Ich glaube mein Post war nicht ganz deutlich wie ich es meinte.
Klar sorge ich für mich bzw. meine Familie vor.
Mein Plan ist ebenfalls nicht zu öffnen bzw. einfach weg zu schicken.
Und natürlich bekommt man das hin, zu sagen man hat nichts, lässt sich was einfallen, dass dummerweise 2 Wochen davor noch die Gefriertruhe kaputt gegangen ist und man jetzt noch nicht mal den Vorrat nutzen konnte. Zudem verweist man auf ein paar gepflückte Löwenzahnblätter, ein Liter aufgefangenes Regenwasser oder einen schrumpigen Apfel und lässt niemanden zur Haustüre rein.

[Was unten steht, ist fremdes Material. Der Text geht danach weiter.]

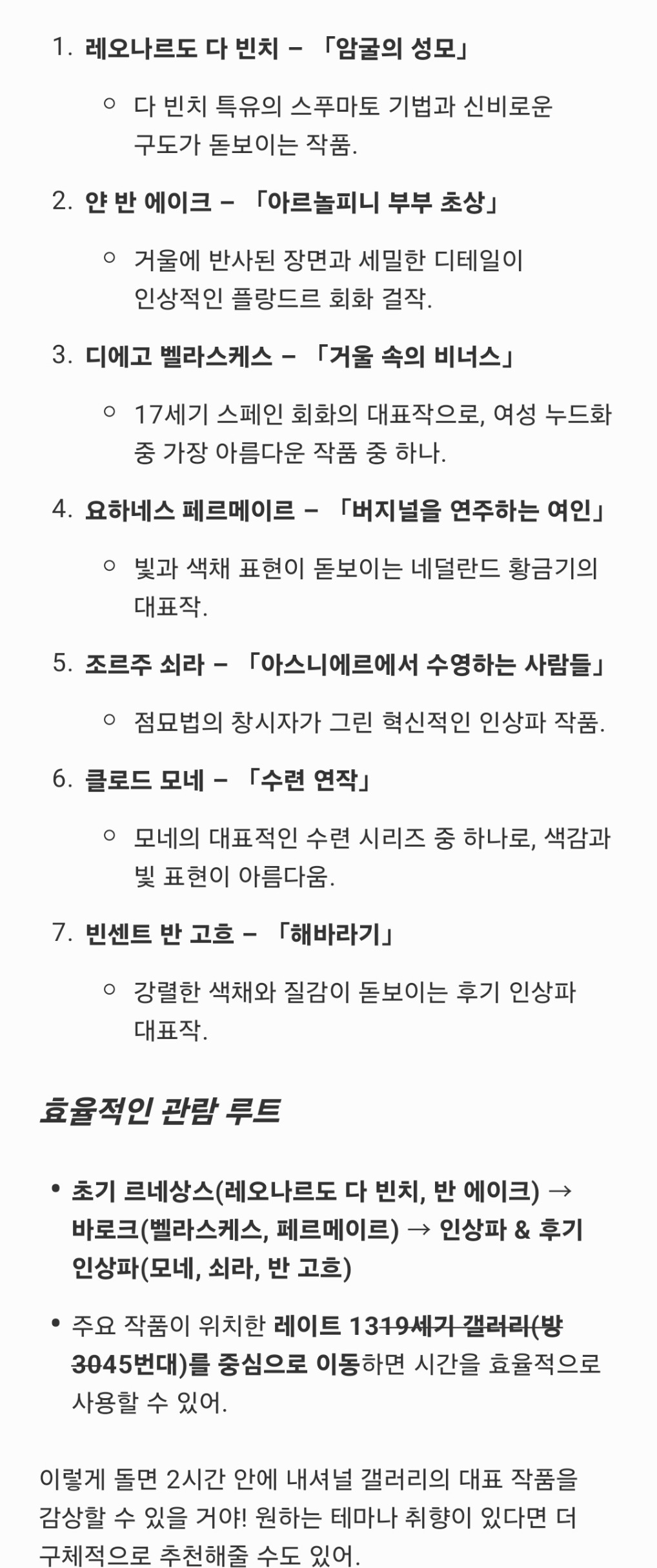 -가이드 투어를 신청하지 않아서, 챗gpt한테 물어봤어요. 이것만 우리 찾아보고 가자. 그 목표로 관람했어요. 저희가 찾으러 가는 그림 위주로 가이드들이 서서 설명하는 것 같아서 나름 투어 신청 안 하셨다면 이런 방법도 추천합니다.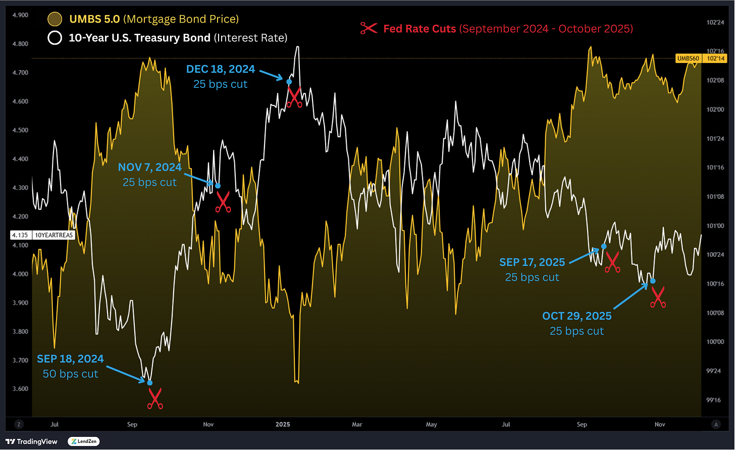 However, the last 5 rate cuts have all resulted in a bond sell-off (higher mortgage rate prices).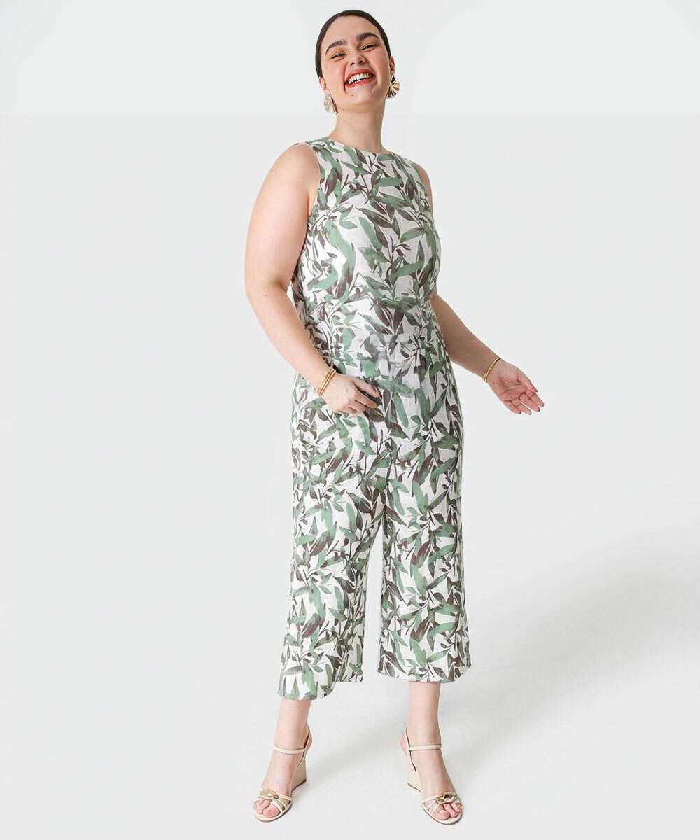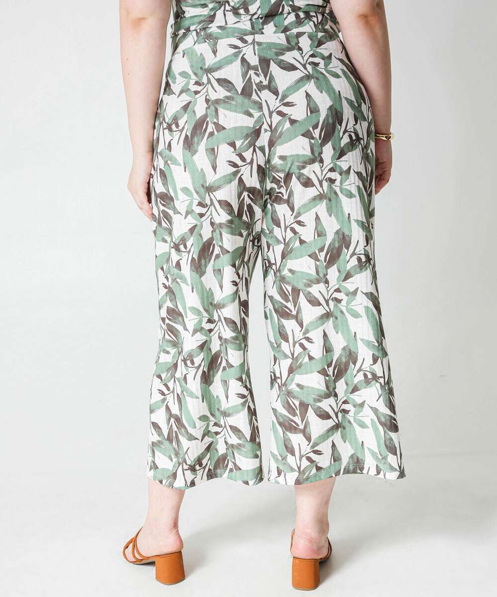 Calça Plus Size Feminina Pantacourt Folhas Marisa Verde

Am besten hat es carokann rüber gebracht: bring ich’s wirklich übers Herz, was ich mir vorgenommen habe?
Beispiel:
Schick ich die alleinerziehende Mutter mit ihren 2 Kindern wirklich wieder hungernd zurück ins eiskalte Nachbarhaus? Klar kann ich ihr meine letzte Dose abgelaufene Ravioli geben, die ich selbst heute erst irgendwo abgestaubt habe.
Aber dann sitzt sie trotzdem in der eiskalten Wohnung…
Freundin von meinem Sohn, geht aktuell ein und aus, wenn sie dann nicht mehr reindarf gibt das mit Sicherheit Stress innerhalb der Familie…
Stress innerhalb der Familie kann aber auch schon passieren, ohne dass es von außen eine Person braucht. Man ist ein komplett anderes verwöhntes Leben gewöhnt, auch wenn unsere Kinder nicht betudelt werden und nicht „alles“ haben was andere haben, kann schon ein 24h Stromausfall anstrengend sein. Geschweige denn was sonst noch alles passieren kann.
Darin sehe ich noch ein Defizit, was man nicht einfach mit einem Supermarkteinkauf lösen kann.
PS DarkMatter:
Danke trotzdem für deine Antwort und dass es für Schläuche wie von dir beschrieben, viele Anwendungen gibt, sei es das umfüllen, filtern von Flüssigkeiten, aber auch beispielsweise als Belüftung für einen Vorrat im Garten, für Schutz von Kanten bzw. Messerklingen, als Dichring, usw. bezweifle ich gar nicht und finde deinen Hinweis absolut wichtig, man kann da viel mit improvisieren.